Copy each line below as it stands, but skip any picture it contains.

◆ Source data ◆
****************************************

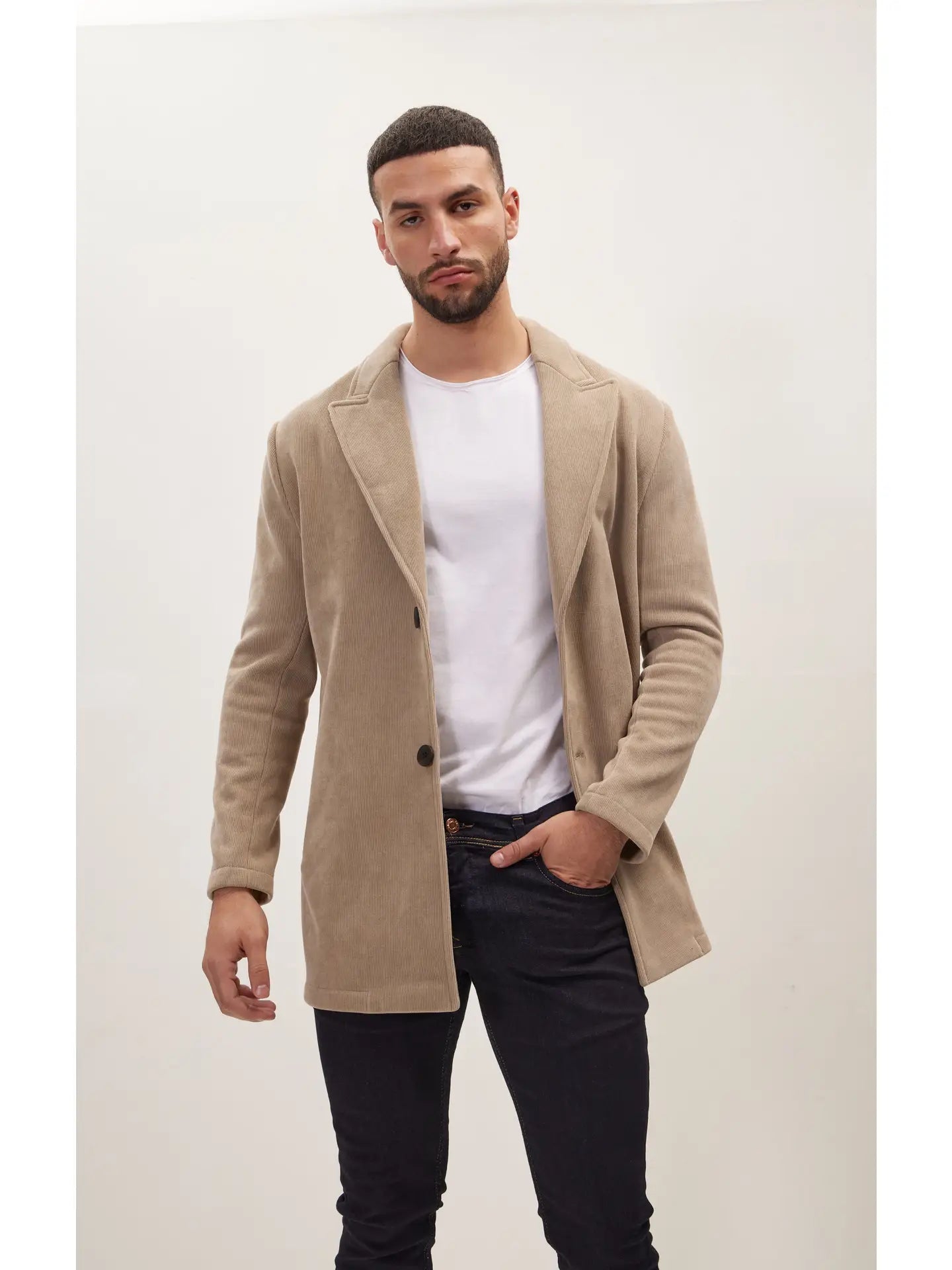 Ron Tomson Men's Relaxed Corduroy Button Closure Jacket - Beige
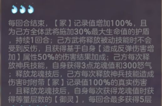 极大地提高我方防御和辅助武将的生存能力,前两回合在拥有2点及以上龙魂值时,我方盾辅将变得极其坚硬,能顺利拖入后续回合。
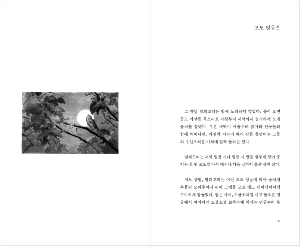 드레스 자락을 물들인 물오른 풀잎을 밟으며 마냥 웃고 떠들었어. 너의 고요한 쾌락은 내 광기를 바라보는 것이었지. 내가 찔레꽃으로 손을 뻗을 때, 너도 알지, 그 탐스러운 들장미 말이야, 내 눈앞에서 너의 손이 가지를 꺾어 발톱 같은 짧고 붉은 가시들을 하나씩 하나씩 떼어내…. 넌 내게 발톱 없는 꽃들을 주었지…. 넌 내게 발톱 없는 꽃들을 주었어…, 내가 가쁜 숨을 돌리고 쉴 수 있게 페르시안 라일락의 영근 수수 그늘로 나를 이끌었지…. 넌 내게 화단의 수레국화를 한 아름 따 주었어, 솜털 같은 꽃술에서 살구 향이 나는 매혹적인 꽃…. 넌 작은 병에 든 커스터드 크림을 주었고 허기진 내 손이 허겁지겁 먹는 모습에 웃음을 터트렸지…. 넌 내게 아주 잘 구워진 황금빛 빵을 주었어, 그리고 내 머리 위에 윙윙거리는 벌을 쫓으려 햇살 아래 너의 창백한 손이 또다시 들려지는 것이 보여…. 구름이 길고 느리게 흘러가는 한낮의 끝에서 내 어깨를 외투로 감쌀 때, 이루 말할 수 없는 기쁨에 취해 소름이 돋았어, 봄날 행복한 짐승들의 천진한 기쁨에 젖어…. 넌 말했지…. “이리 와, 그만 돌아가자”

****************************************

◆ Answer box ◆
 Ron Tomson Men's Relaxed Corduroy Button Closure Jacket - Beige
 极大地提高我方防御和辅助武将的生存能力,前两回合在拥有2点及以上龙魂值时,我方盾辅将变得极其坚硬,能顺利拖入后续回合。
 드레스 자락을 물들인 물오른 풀잎을 밟으며 마냥 웃고 떠들었어. 너의 고요한 쾌락은 내 광기를 바라보는 것이었지. 내가 찔레꽃으로 손을 뻗을 때, 너도 알지, 그 탐스러운 들장미 말이야, 내 눈앞에서 너의 손이 가지를 꺾어 발톱 같은 짧고 붉은 가시들을 하나씩 하나씩 떼어내…. 넌 내게 발톱 없는 꽃들을 주었지…. 넌 내게 발톱 없는 꽃들을 주었어…, 내가 가쁜 숨을 돌리고 쉴 수 있게 페르시안 라일락의 영근 수수 그늘로 나를 이끌었지…. 넌 내게 화단의 수레국화를 한 아름 따 주었어, 솜털 같은 꽃술에서 살구 향이 나는 매혹적인 꽃…. 넌 작은 병에 든 커스터드 크림을 주었고 허기진 내 손이 허겁지겁 먹는 모습에 웃음을 터트렸지…. 넌 내게 아주 잘 구워진 황금빛 빵을 주었어, 그리고 내 머리 위에 윙윙거리는 벌을 쫓으려 햇살 아래 너의 창백한 손이 또다시 들려지는 것이 보여…. 구름이 길고 느리게 흘러가는 한낮의 끝에서 내 어깨를 외투로 감쌀 때, 이루 말할 수 없는 기쁨에 취해 소름이 돋았어, 봄날 행복한 짐승들의 천진한 기쁨에 젖어…. 넌 말했지…. “이리 와, 그만 돌아가자”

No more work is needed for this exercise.